Information supplied:
┌──

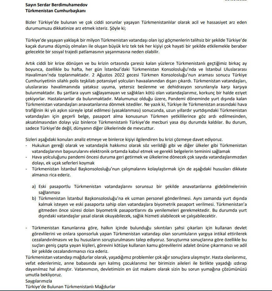 Türkiye'de yaşayan ve konsolosluğun resmi işlemlerini yapmaması sebebiyle mağdur olan, ülkelerine gidemeyen ve daha birçok sorunla yüzleşen Türkmenistanlılar, mağduriyetlerinin giderilmesi adına avukatları Gülden Sönmez ve bazı STK temsilcileriyle birlikte İstanbul Türkmenistan Konsolosluğu'na giderek Cumhurbaşkanı Serdar Berdimuhammedov'a bir mektup göndermek istedi ancak darp edildiler.
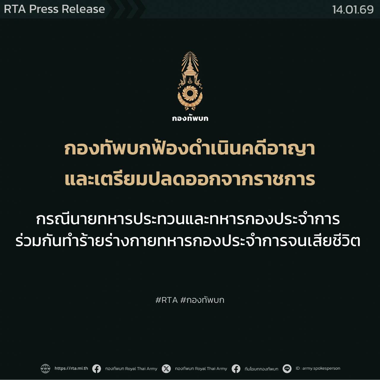 ศูนย์ประชาสัมพันธ์กองทัพบก โดยทีมโฆษกกองทัพยก, 14 มกราคม 2569
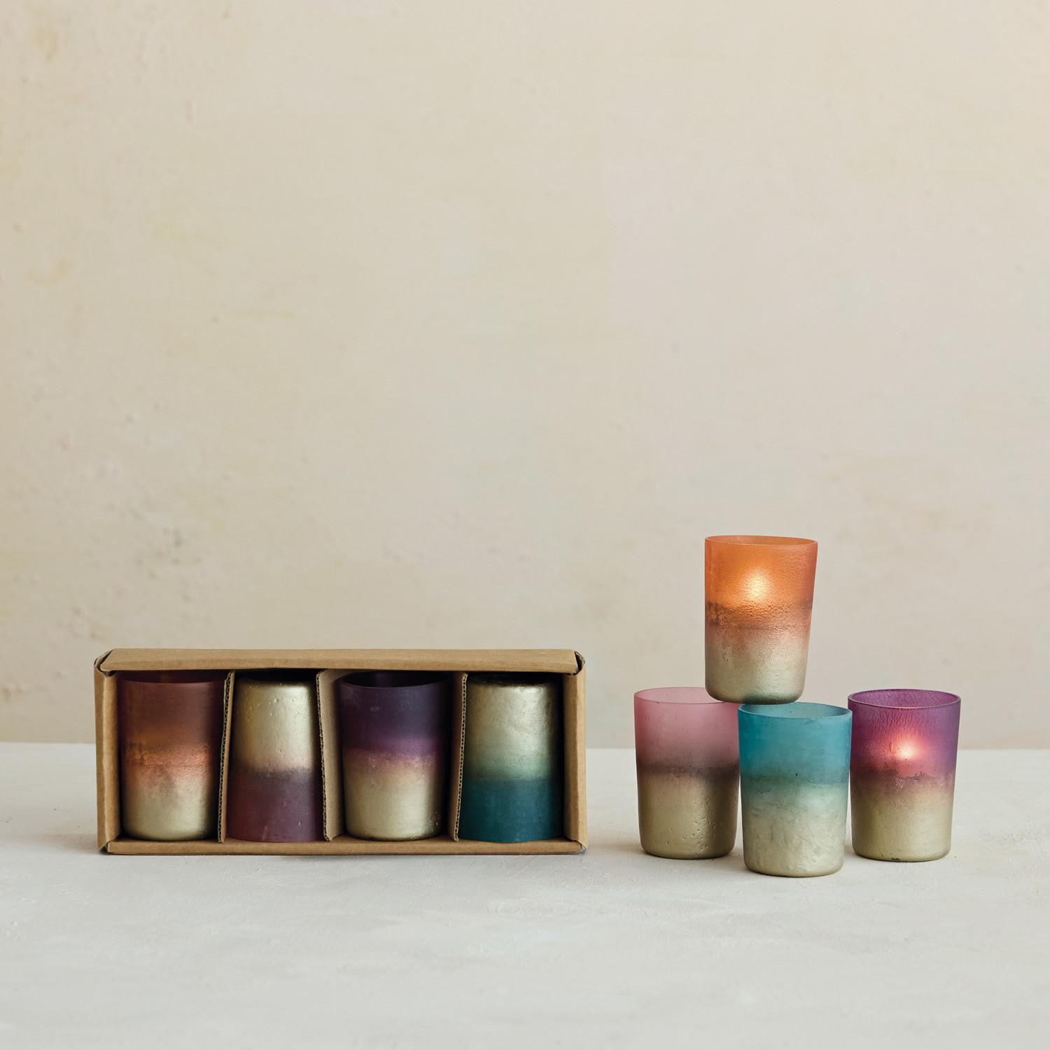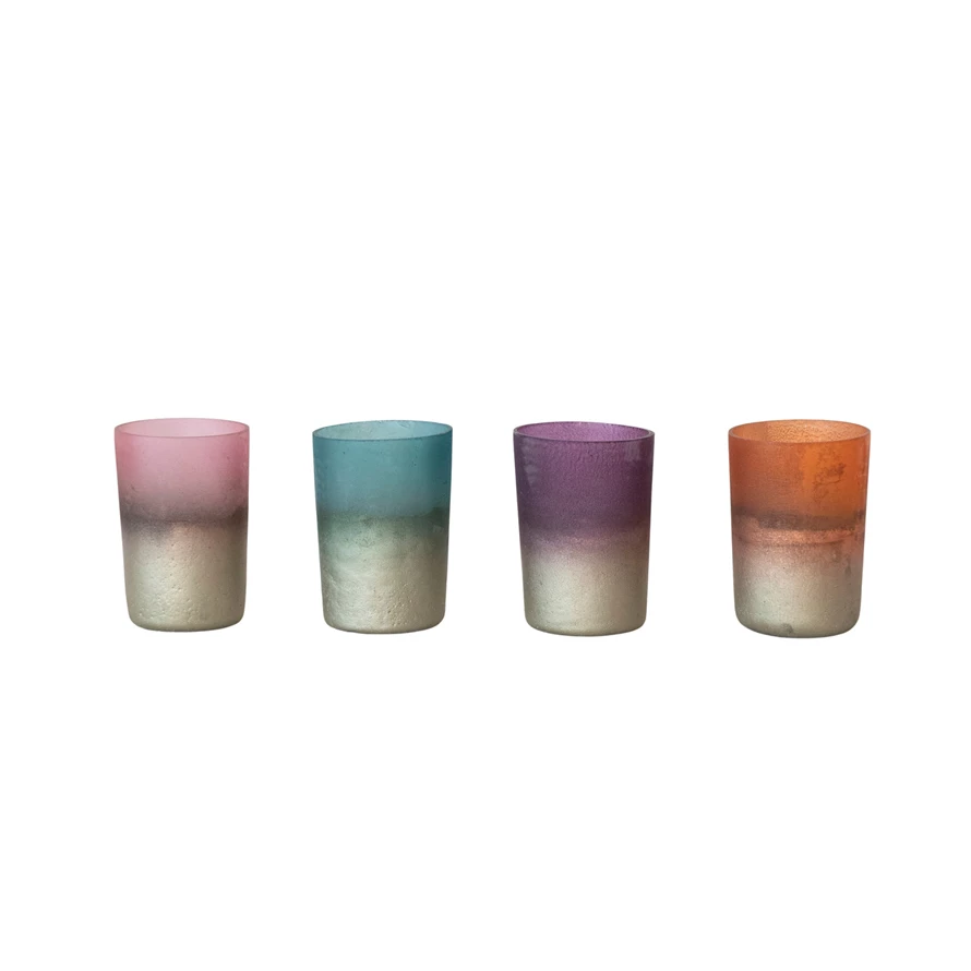 Glass Metallic Frosted Tealight/Votive Holders Ombre, Boxed Set of 4

└──

Exercise aim:
Print the listing exactly, minus any pictures.

Finished task:
 Türkiye'de yaşayan ve konsolosluğun resmi işlemlerini yapmaması sebebiyle mağdur olan, ülkelerine gidemeyen ve daha birçok sorunla yüzleşen Türkmenistanlılar, mağduriyetlerinin giderilmesi adına avukatları Gülden Sönmez ve bazı STK temsilcileriyle birlikte İstanbul Türkmenistan Konsolosluğu'na giderek Cumhurbaşkanı Serdar Berdimuhammedov'a bir mektup göndermek istedi ancak darp edildiler.
 ศูนย์ประชาสัมพันธ์กองทัพบก โดยทีมโฆษกกองทัพยก, 14 มกราคม 2569
 Glass Metallic Frosted Tealight/Votive Holders Ombre, Boxed Set of 4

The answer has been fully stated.